Posted on 3 March, 2013 by Jodee Redmond

Under Philadelphia’s tax reform plan, taxes would be paid based on the property’s actual value instead of the outdated figures currently used by the city. This is good news for the 10 largest commercial taxpayers in the metropolis, which include Franklin Mills Mall, Center City office Towers and the shipyard in South Philadelphia. Their owners could end up paying 45 per cent ($17.5 million) less in property taxes next year.

For a number of years, commercial properties in the area have been assessed on real market values. Most residential properties were not assessed in the same way. As a result, commercial property owners ended up paying more than their fair share of property taxes.

Reaves C. “Trip” Lukens III, a private real estate appraiser in the city, stated, “It’s been a great week for the office-building owners. They’ve been getting the shaft for about 20 years, so it’s about time.”

Depending on where City Council sets the tax rate, commercial property owners could see their property tax bills drop by 26 per cent ($56 million). The exact rate will also depend on whether Council adopts a homestead exemption for residential properties. (These figures are based on a 1.25 per cent rate.)

Lukens went on to say that in his opinion, some commercial properties in the City of Brotherly Love are overvalued.

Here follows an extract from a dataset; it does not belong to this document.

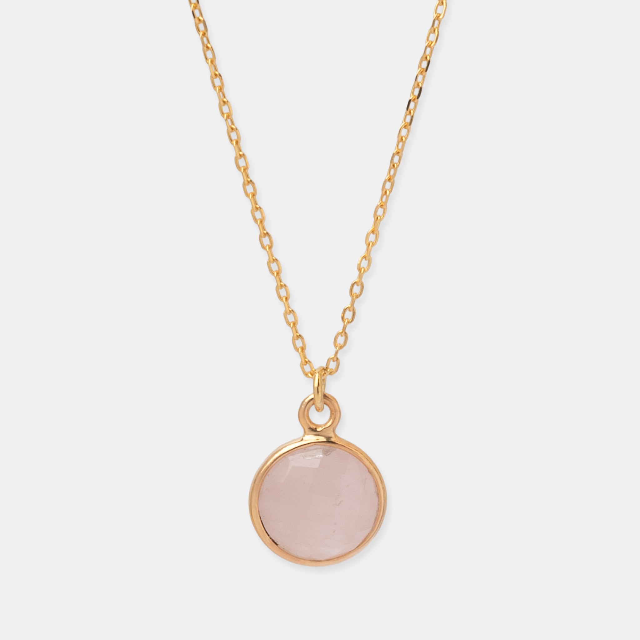 Halskette Eloise von Fleurs des Prés. Handgefertigte Halskette mit Rosenquarz im runden Facettenschliff, zart gefasst in 18 Karat vergoldetem Silber.

He named Two Penn Center as an example. The property, which is located at 1500 John F. Kennedy Blvd., was assessed at $66 million last fall but the City’s Office of Property Assessment valued it at approximately $81 million. The difference in values between the two assessments is 23 per cent.

Under the tax reform plan, the tax bill for the property would be reduced by an estimated $241,598 or 19 per cent, to approximately $1 million. It currently stands at $1.25 million.